DOsinga / deep_learning_cookbook

Deep Learning Cookbox
Apache License 2.0
689 stars 338 forks source link

Training Movie Recommendation System #20

Closed WillKoehrsen closed 5 years ago

WillKoehrsen commented 6 years ago

In notebook 4.2 Build a Recommender System the model is trained using mse as the loss function, treating the problem as regression with positive labels 1 and negative labels -1. Would labeling the negative examples 0 and training with a binary_crossentropy loss function (treating the problem as classification) be a valid approach?

Also, do we have to merge the "link" and "movie" embeddings using a dot product (Dot layer)? Could we instead concatenate the embeddings, so the shape would be [None, 100] and then add an additional fully connected layer to make a prediction? Something like


# Merge embeddings by concatenating
merged = Concatenate(name = 'merge', axis = 2)([link_embedding, movie_embedding])
merged = Reshape((1, ))(merged)

# Add fully connected layer for predictions
out = Dense(1, activation = None, name = 'output')(merged)
model = Model(inputs = [link, movie], outputs = out)

I understand that we're trying to create embeddings for movies so that "similar" movies have closer embeddings in terms of cosine distance.
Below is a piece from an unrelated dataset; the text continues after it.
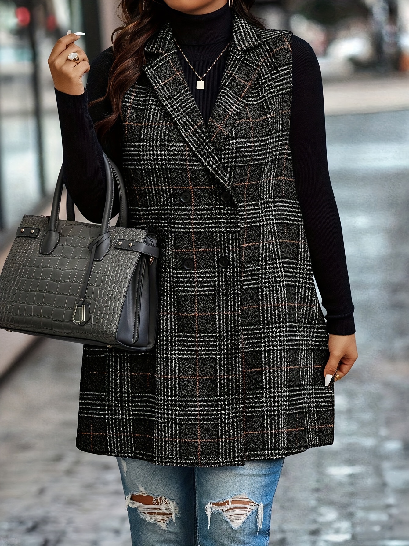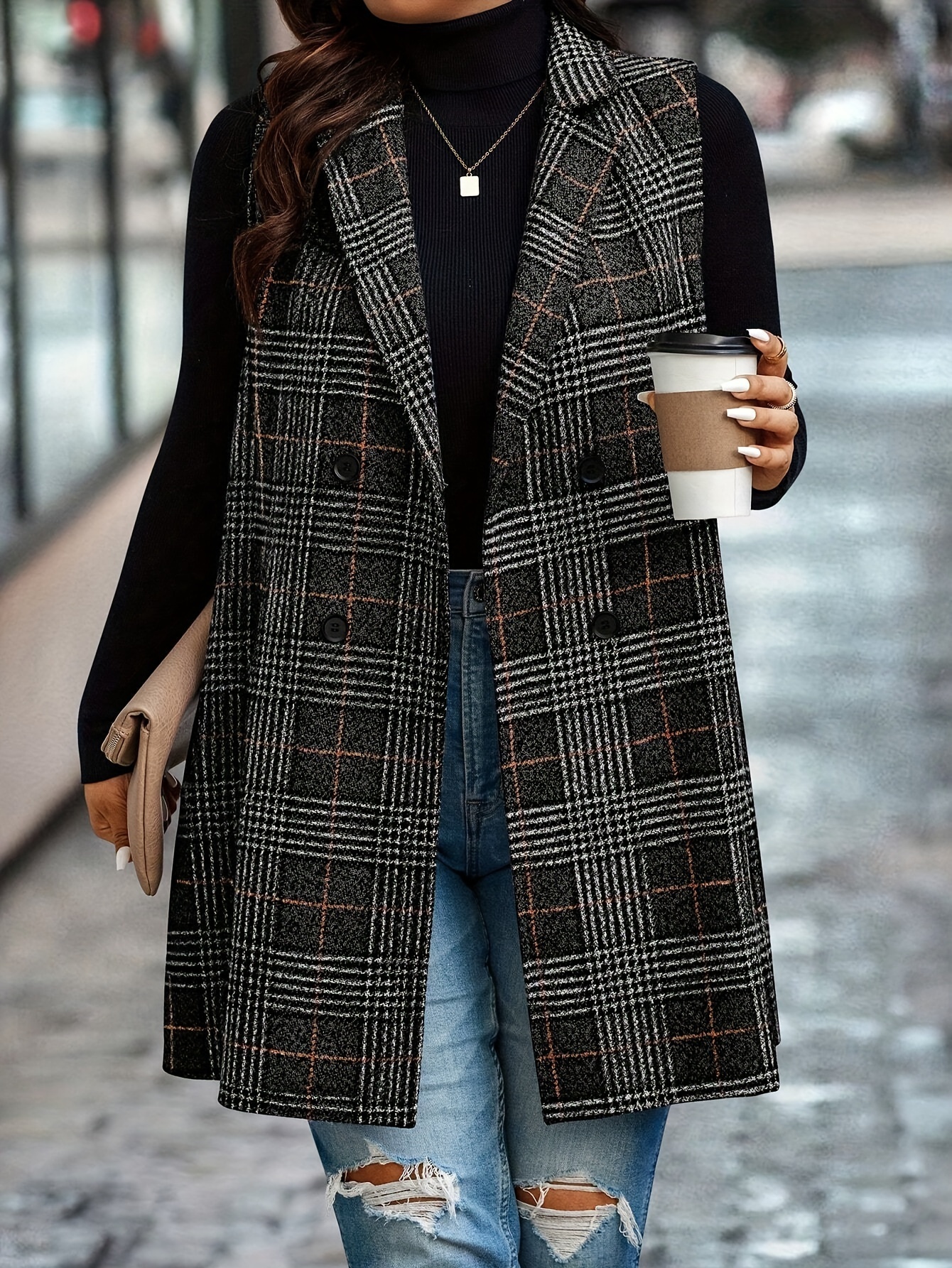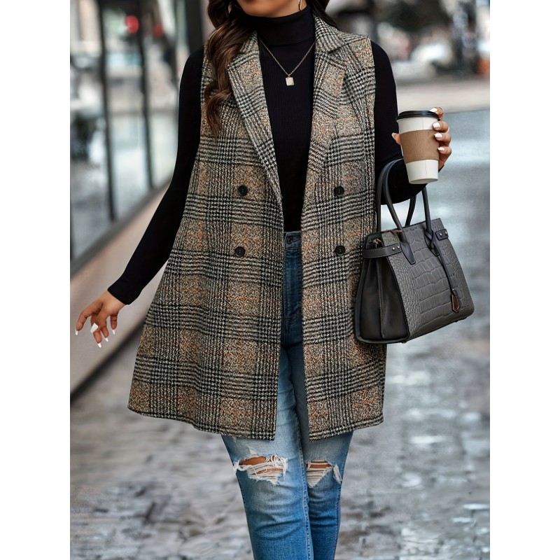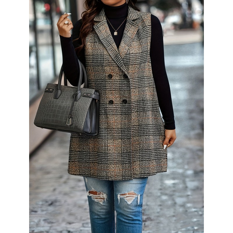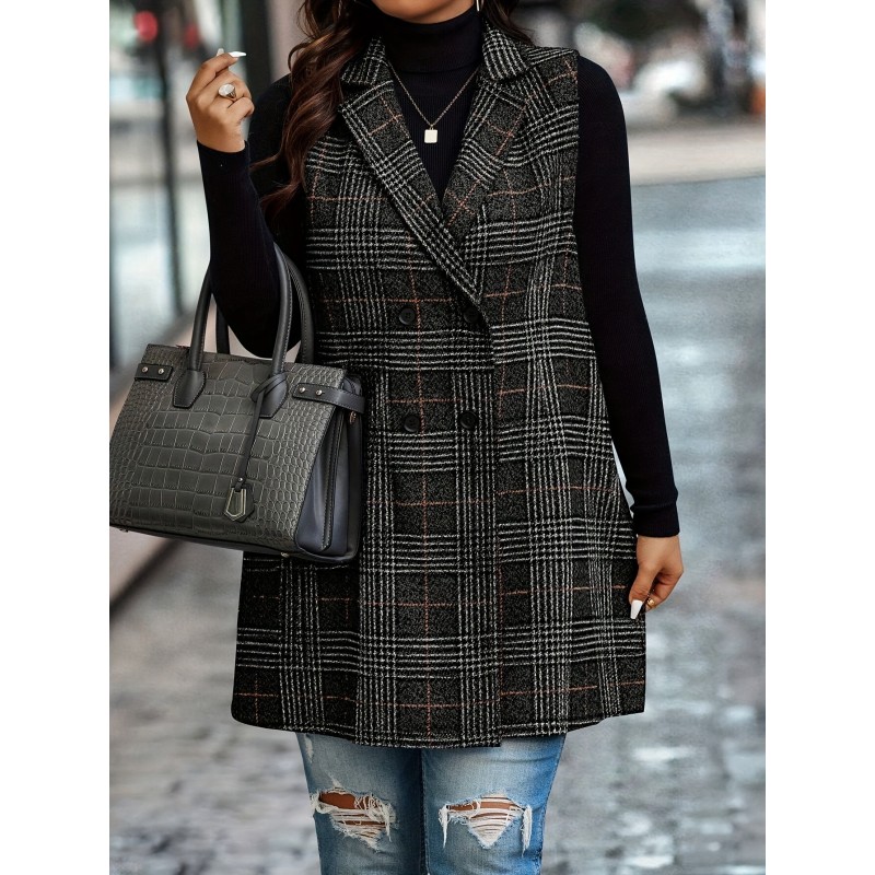 1pc Elegant Plus Size Plaid Double-Breasted Waistcoat - Casual Polyester Midi Vest with Lapel Collar and Woven Fabric

Embeddings make sense, but I guess my question is: are there different ways to train the network to produce the embeddings?

DOsinga commented 5 years ago

I guess we could try that too.

The intuition here is that you want to assign a vector to movie (the embedding) and we do this by using that embedding to predict something (the links). Movies with similar links would get a similar vector and so that's how the embedding should work.

Concatenating would probably create a better model to predict the link, but it might not create as good an embedding.